The application relies upon the case of Gopalkrishnan versus State of Kerala (2020), which states that all documents, including electronic records, which are produced in a court for inspection and relied upon by the prosecution, should be furnished to the accused under Section 207 of the CrPC.


During Navlakha’s custody as an undertrial prisoner, a chargesheet was filed on October 9, 2020; charges are yet to be filed in the court.

In May 2021, the Supreme Court rejected Navlakha’s default bail on the ground that the 35 days which he spent under house arrest in 2018 did not constitute custody in order to compute the 90-day period as provided under Section 167(2)(a)(i) of the Code of Criminal Procedure.

According to the Section, the chargesheet should be filed within 90 days from the day the accused is arrested, failing which he is entitled to default bail.

On October 12, 2021, Navlakha was shifted to the ‘anda circle’ (high-security zone) from the barracks at Taloja.

On April 26 last year, the Bombay High Court dismissed Navlakha’s petition that sought to shift him from the Taloja jail in Navi Mumbai to house arrest.
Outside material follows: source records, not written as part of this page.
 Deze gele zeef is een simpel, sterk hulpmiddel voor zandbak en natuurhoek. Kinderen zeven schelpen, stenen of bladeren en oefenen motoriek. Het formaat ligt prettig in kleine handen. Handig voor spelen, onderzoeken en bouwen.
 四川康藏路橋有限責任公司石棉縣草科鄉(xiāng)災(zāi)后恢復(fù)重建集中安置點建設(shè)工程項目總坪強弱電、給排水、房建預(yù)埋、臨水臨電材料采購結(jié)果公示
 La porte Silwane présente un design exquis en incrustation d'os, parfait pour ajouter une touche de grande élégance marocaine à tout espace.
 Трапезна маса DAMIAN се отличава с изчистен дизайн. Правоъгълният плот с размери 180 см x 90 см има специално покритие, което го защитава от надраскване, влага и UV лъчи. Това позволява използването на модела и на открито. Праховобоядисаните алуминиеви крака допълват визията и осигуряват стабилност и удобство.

On May 23, Navlakha approached the NIA to be provided with a mosquito net, which he was previously allowed but which was subsequently taken away by the prison authorities.
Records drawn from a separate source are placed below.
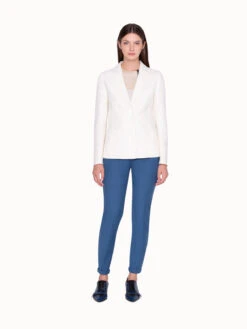 These Akris MAGDA slim leg pants are made from comfy silk stretch double face and have 5 pockets. Team yours with a fine stripe intarsia pullover in the same Ice tone for a refined off duty look that will also keep you warm and comfortable.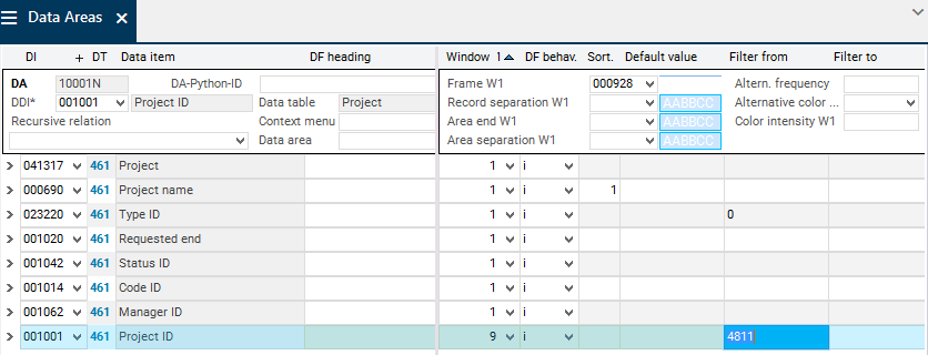 All data items of data table 461 Project are displayed.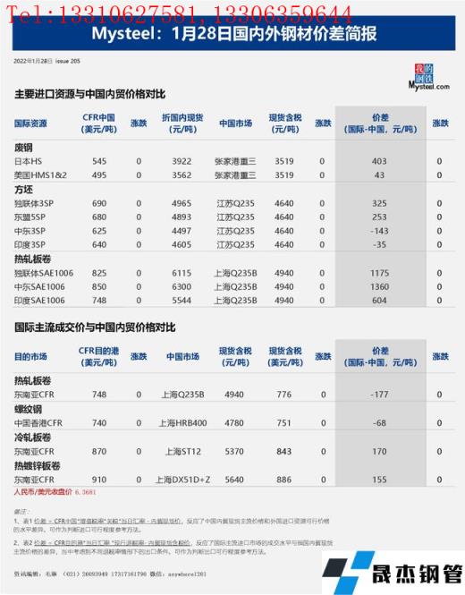 免責(zé)聲明:本網(wǎng)站(山東聊城晟杰無(wú)縫鋼管廠m.82912.cn)刊載的“2022年01月28日日?qǐng)?bào):國(guó)內(nèi)外鋼材_無(wú)縫鋼管價(jià)差匯總(2022.1.28)”等均源于網(wǎng)絡(luò),版權(quán)歸原作者所有,且僅代表原作者觀點(diǎn),本文所載信息僅供參考。轉(zhuǎn)載僅為學(xué)習(xí)與交流之目的,如無(wú)意中侵犯您的合法權(quán)益,請(qǐng)及時(shí)聯(lián)系刪除。本網(wǎng)站刊登此篇文章并不意味著本站贊同其觀點(diǎn)或證實(shí)其內(nèi)容的真實(shí)性,我們不對(duì)其科學(xué)性、嚴(yán)肅性等作任何形式的保證。如果侵犯了您的版權(quán),請(qǐng)盡快聯(lián)系我們予以撤銷,謝謝合作!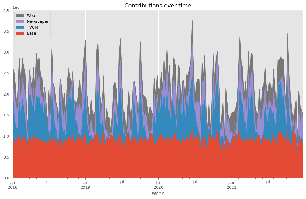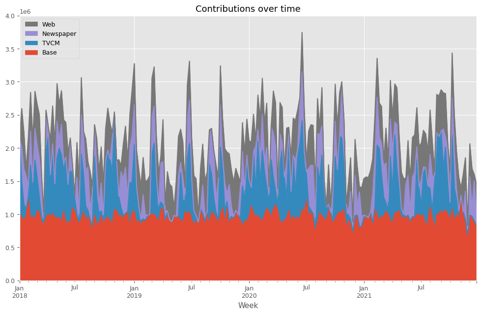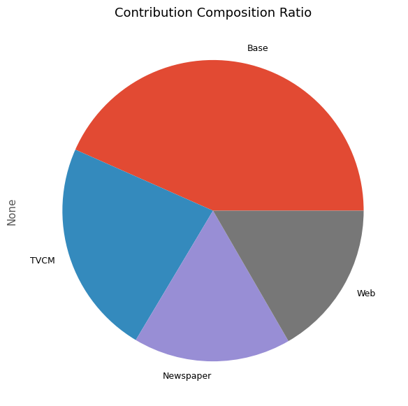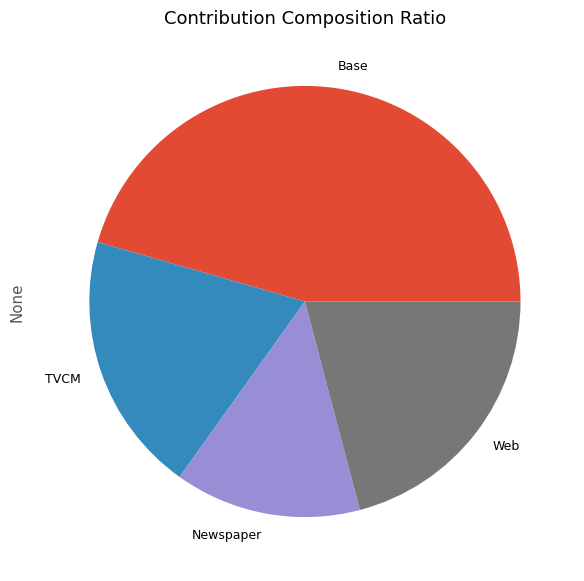 contribution ratio Base 1.919811e+08 0.437757 TVCM 9.511540e+07 0.216883 Newspaper 6.023040e+07 0.137338 Web 9.122923e+07 0.208022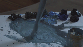镜头不断在绘画现场和莎莎自述间切换。画布前的刘小东三两笔便勾勒出了莎莎的风韵和周遭环境的纹理,我们当然知道他是技法精湛、情感细腻的画家,但亲眼目击这一切仍旧令人惊叹。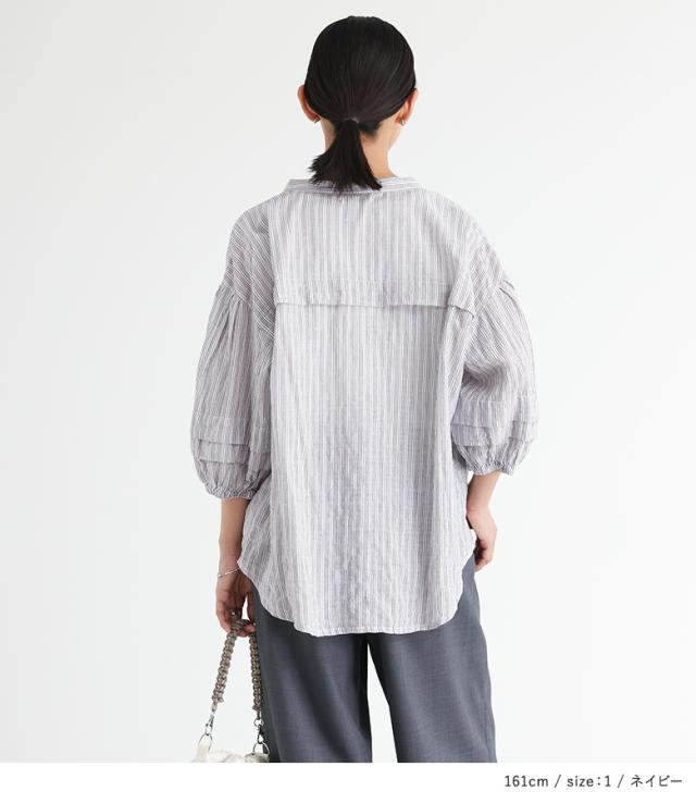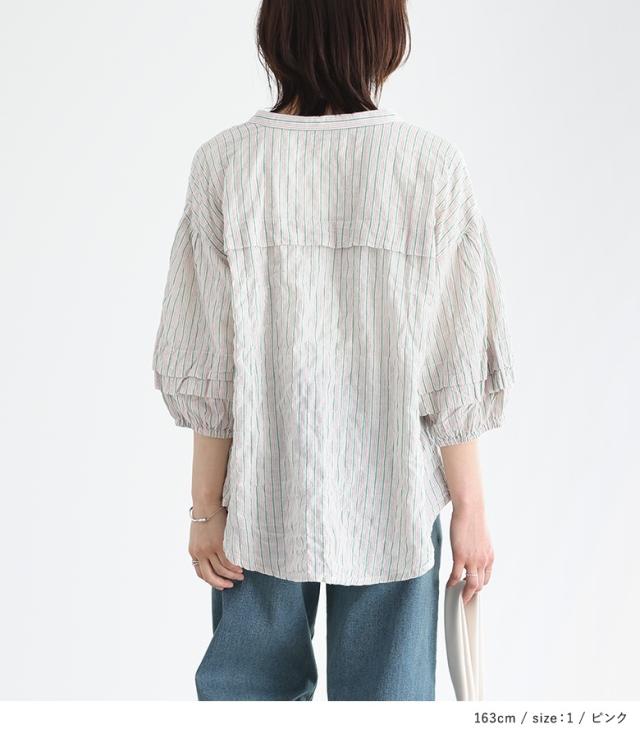『ストライプ柄ボリュームスリーブブラウス』※メール便可※【10】[ブラウス トップス レディース 羽織 シャツ 七分袖 ストライプ柄 綿混 タック ボリューム袖 ボリュームスリーブ 配色 バンドカラー 袖口ゴム 清涼感]

Earlier, prison authorities had refused his request for a new pair of spectacles, which were given only after media and legal intervention.

The Maharashtra prison authority has also barred Navlakha from availing telephonic communication facilities in Taloja.
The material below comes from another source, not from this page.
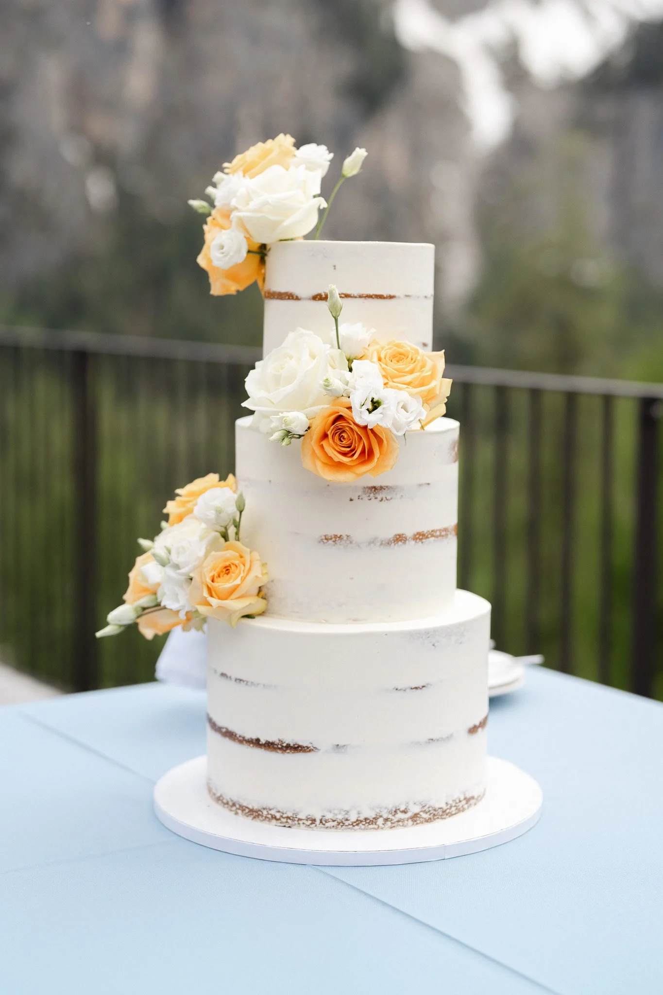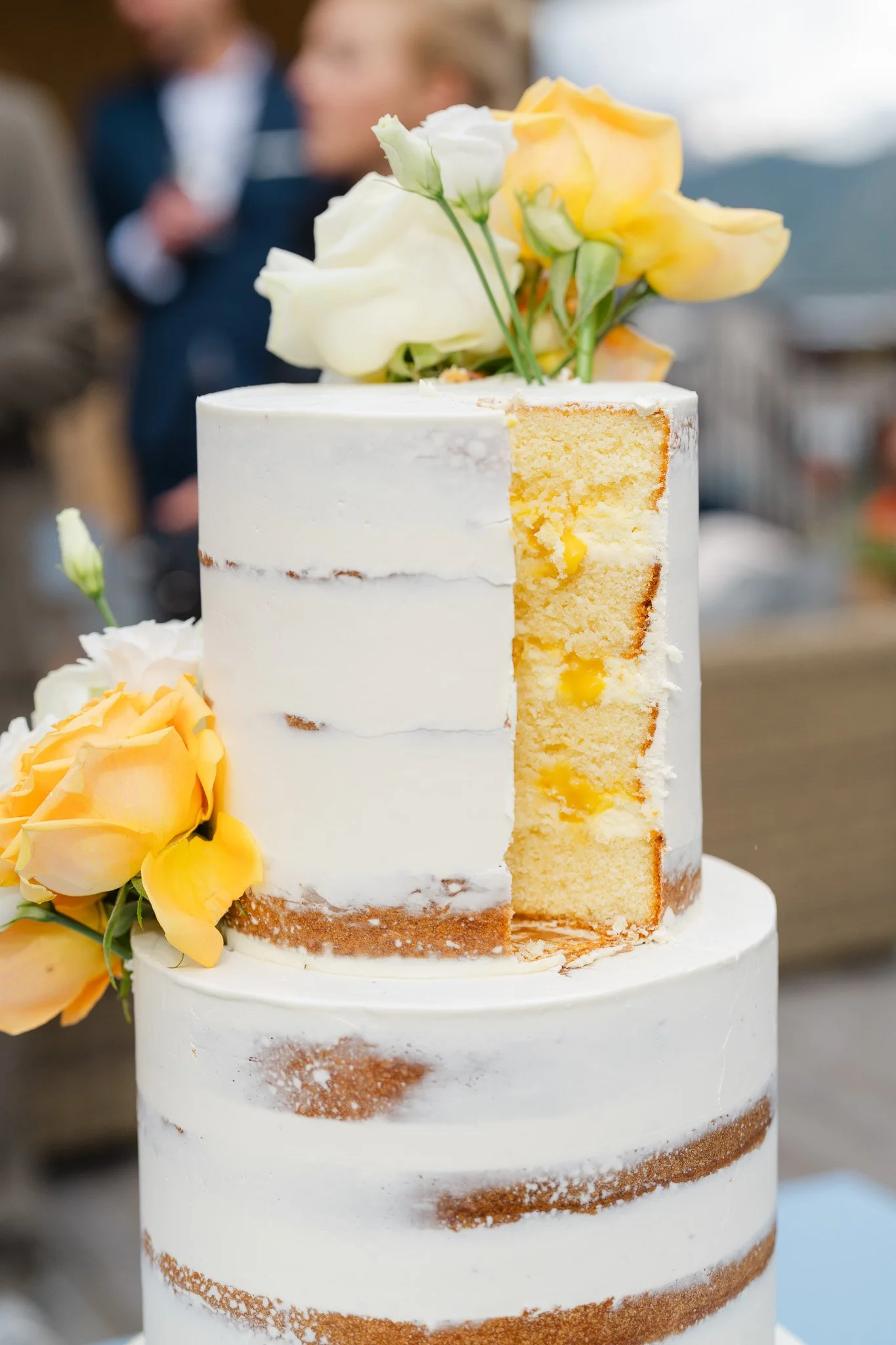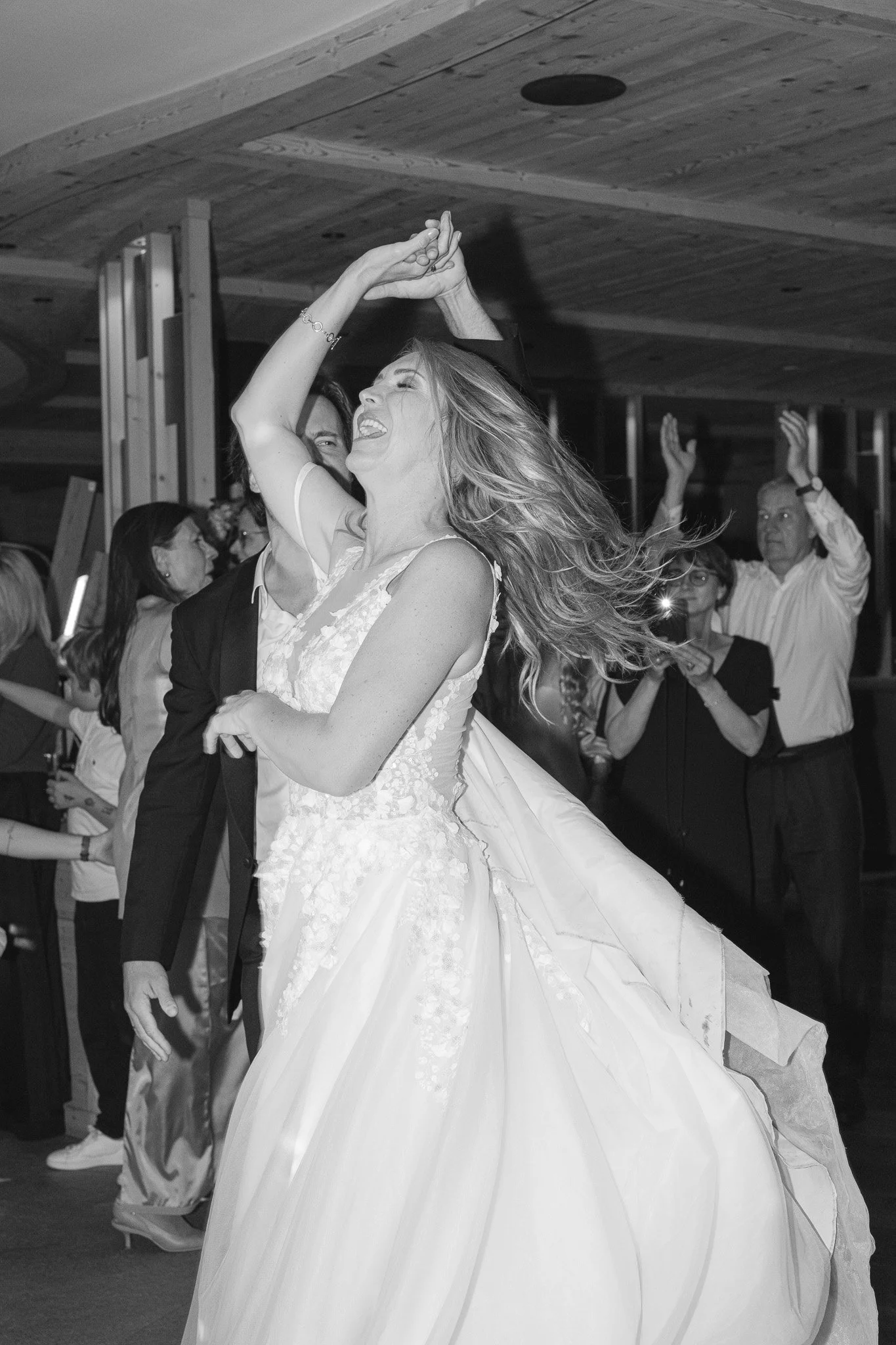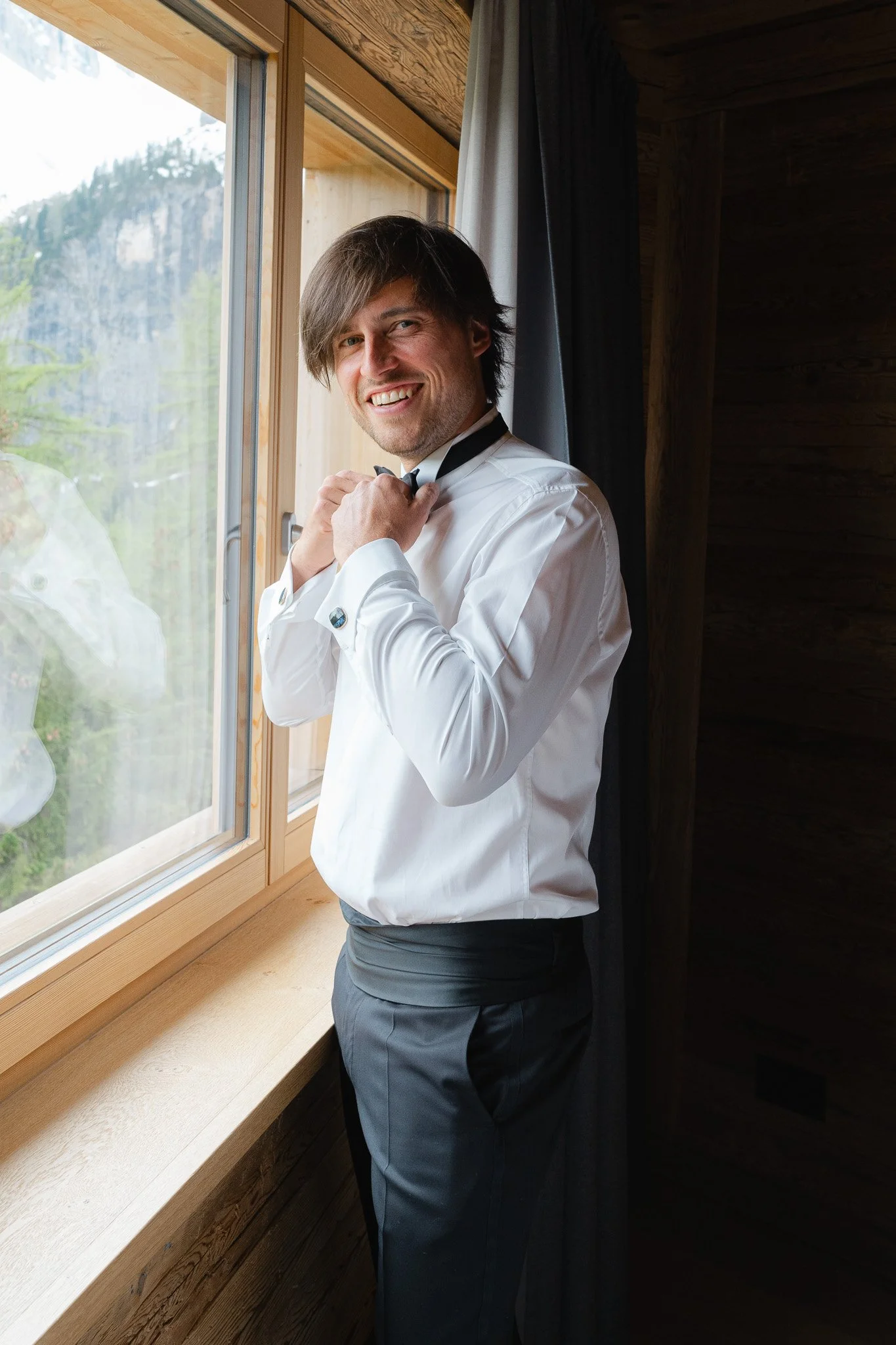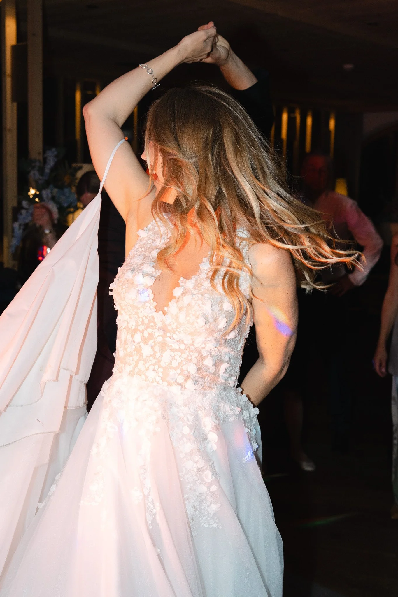The venue perfectly blended elegance and modernity with stunning mountain views. Anja wore a classic and dreamy dress that perfectly complemented the serene mountain backdrop. After the getting ready session, followed by an intimate first look, the mountain view ceremony was a breathtaking highlight. The reception was nothing short of spectacular, featuring a towering wedding cake that was as delicious as it was beautiful. Besides the mountain scenery, a breathtaking modern table setting with thousands of candles and heartwarming songs performed by a live singer, guests were treated to a wood-fire pizza party, adding a warm and casual touch to the festivities. The after-party was unforgettable, with Anja and Konstantin's powerful first dance setting the tone for the celebration. Every detail was meticulously planned, creating a day full of love and joy. The evening ended with guests under the stars, reminiscing about the day's beautiful moments.

This was done in accordance with a circular signed by the state’s inspector general of police that provides that undertrial prisoners booked under charges of terrorism or other “serious charges” cannot make telephone calls from the prison.

On November 10 last year, the Supreme Court allowed Navlakha to be placed under house arrest for a period of one month under certain restrictions.

On November 19, after hearing and incorporating further concerns of the NIA, the Bench dismissed the petition filed by the NIA to vacate the Order granting house arrest.

The court directed for the house arrest Order to be implemented within 24 hours of its pronouncement.

Since then, his house arrest has been periodically extended by the court.

On December 19, the Bombay High Court granted bail to Navlakha. The high court, however, stayed the bail Order for three weeks to allow the NIA to appeal in the Supreme Court.

On January 5, a Supreme Court Bench comprising M.M. Sundresh and S.V.N. Bhatti extended the stay on the bail Order, following a request by the NIA.

The prosecution in the case has filed a chargesheet exceeding 5,000 pages and intends to cross-examine at least 200 witnesses. Eleven of the 16 accused persons are presently incarcerated, having now spent between two to almost five years in judicial custody without trial.

Five co-accused persons, Sudha Bharadwaj, Varavara Rao, Dr Anand Teltumbde, Vernon Gonsalves, Arun Ferreira, have been released on bail. Navlakha and Raut have been granted bail but wait pending decision on the stay Orders by the Supreme Court.

Another accused, tribal rights activist and Jesuit priest Father Stan Swamy, passed away in judicial custody in July 2021 after contracting Covid in prison while awaiting bail on medical grounds.